Mercury risk concerns

Listen to this article:

Mercury risk concerns

Women of childbearing age from around the world have been found to have high levels of mercury, a potent neurotoxin which can seriously harm unborn children.

The new study, the largest to date, covered 25 of the countries with the highest risk and found excessive levels of the toxic metal in women from Alaska to Chile and Indonesia to Kenya.

Women in the Pacific islands were the most pervasively contaminated. This resulted from their reliance on eating fish, which concentrate the mercury pollution found across the world’s oceans and much of which originates from coal burning.

The most extreme levels were found in women from sites in Indonesia where mercury was heavily used in small-scale goldmining and where fish was also commonly eaten. Such goldmining led to serious mercury pollution and was also a source of harm to women in Kenya, Paraguay and Myanmar.

Industrial pollution was another source of mercury, and the research found this affected women in Nepal, Nigeria and Ukraine.

“Millions of women and children in communities mining gold with mercury are condemned to a future where mercury impairs the health of adults and damages the developing brains of their offspring,” said Yuyun Ismawati, an Indonesian woman from Ipen, the coalition of NGOs that produced the scientific report.

“As long as the mercury trade continues, so too will the mercury tragedy.”

Cook Islands resident Imogen Ingram, from the Island Sustainability Alliance, learned that her own mercury levels were two-and-half times higher than the US Environmental Protection Agency’s safety threshold.

“It is really alarming to learn that you have, without knowing, passed on mercury to your child,” she said.

“Mercury contamination across the Pacific Islands is high because we eat fish.

“But I do not want to be told not to eat fish.
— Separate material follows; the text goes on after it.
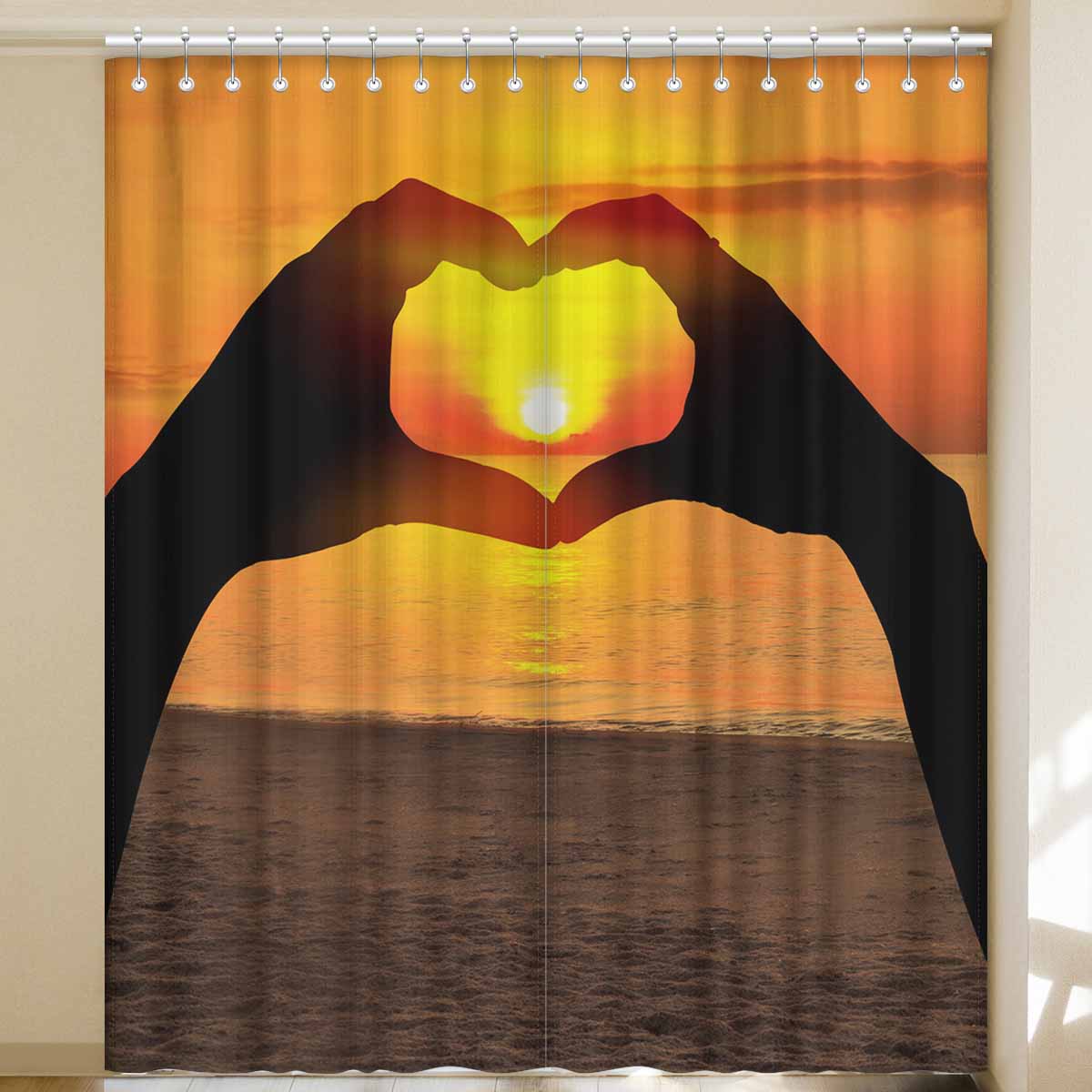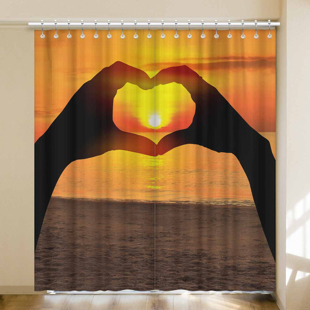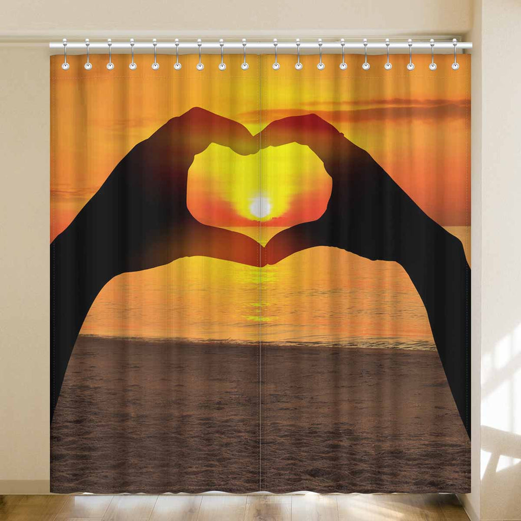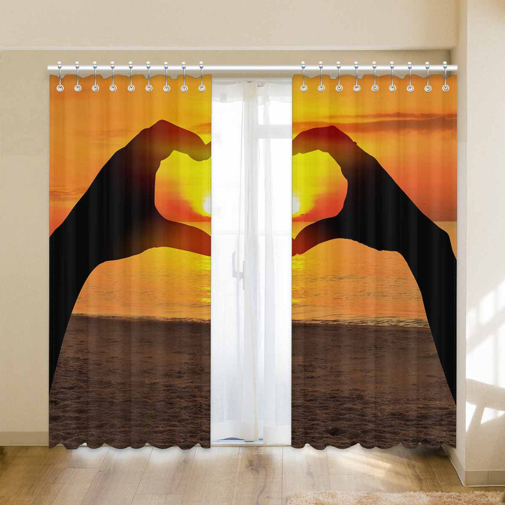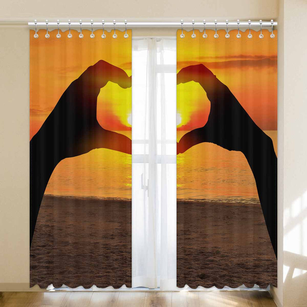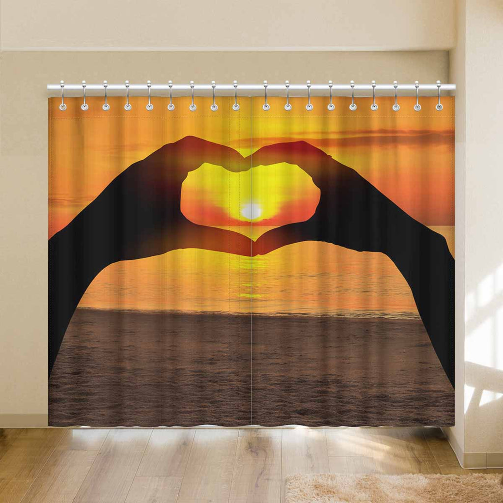 Window Curtains print sunset inTwo hands of lovers
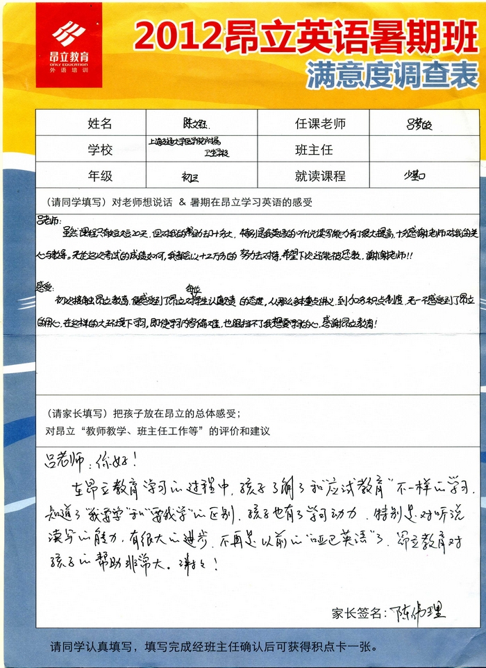 昂立教育 > 項目總攬 > 基礎口譯 > 學習體會 > 2012昂立英語暑假班滿意度反饋表-陳文鈺

Coal-fired power, one of the primary sources of mercury pollution in the oceans, is the real offender. It is time to phase it out. Mercury contamination is ubiquitous in marine and freshwater systems around the world,” said David Evers, executive director at the Biodiversity Research Institute (BRI), which conducted the scientific tests. “This study underscores the importance of global cooperation to address mercury pollution.”

A global agreement to tackle mercury pollution, the Minamata convention, came into force in August and its first major meeting starts on 24 September in Geneva, Switzerland.

It will limit the use of mercury in many products from 2020, but does not ban the international trade in the toxic metal, most of which ends up in small-scale gold mining. Primary production of mercury can continue in some countries until 2032, as the convention stands.